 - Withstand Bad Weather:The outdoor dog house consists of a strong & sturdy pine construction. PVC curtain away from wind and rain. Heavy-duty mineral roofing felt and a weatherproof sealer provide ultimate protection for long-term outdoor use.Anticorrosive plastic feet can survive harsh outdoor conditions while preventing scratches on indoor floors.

--

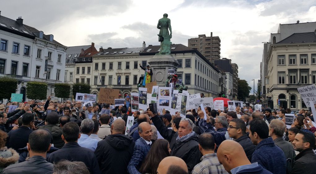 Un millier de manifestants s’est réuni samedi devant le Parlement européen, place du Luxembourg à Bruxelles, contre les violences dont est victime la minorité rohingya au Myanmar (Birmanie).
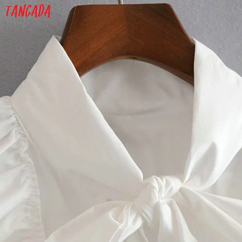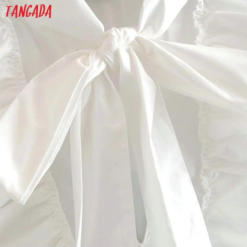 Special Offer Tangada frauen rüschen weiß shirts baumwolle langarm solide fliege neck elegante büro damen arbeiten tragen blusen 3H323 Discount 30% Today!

### [Assignment]
Leaving pictures out, output the lines of the data above from the one with "Un millier de" through the one with "Special Offer Tangada", word for word.

### [Problem solution]
 Un millier de manifestants s’est réuni samedi devant le Parlement européen, place du Luxembourg à Bruxelles, contre les violences dont est victime la minorité rohingya au Myanmar (Birmanie).
 Special Offer Tangada frauen rüschen weiß shirts baumwolle langarm solide fliege neck elegante büro damen arbeiten tragen blusen 3H323 Discount 30% Today!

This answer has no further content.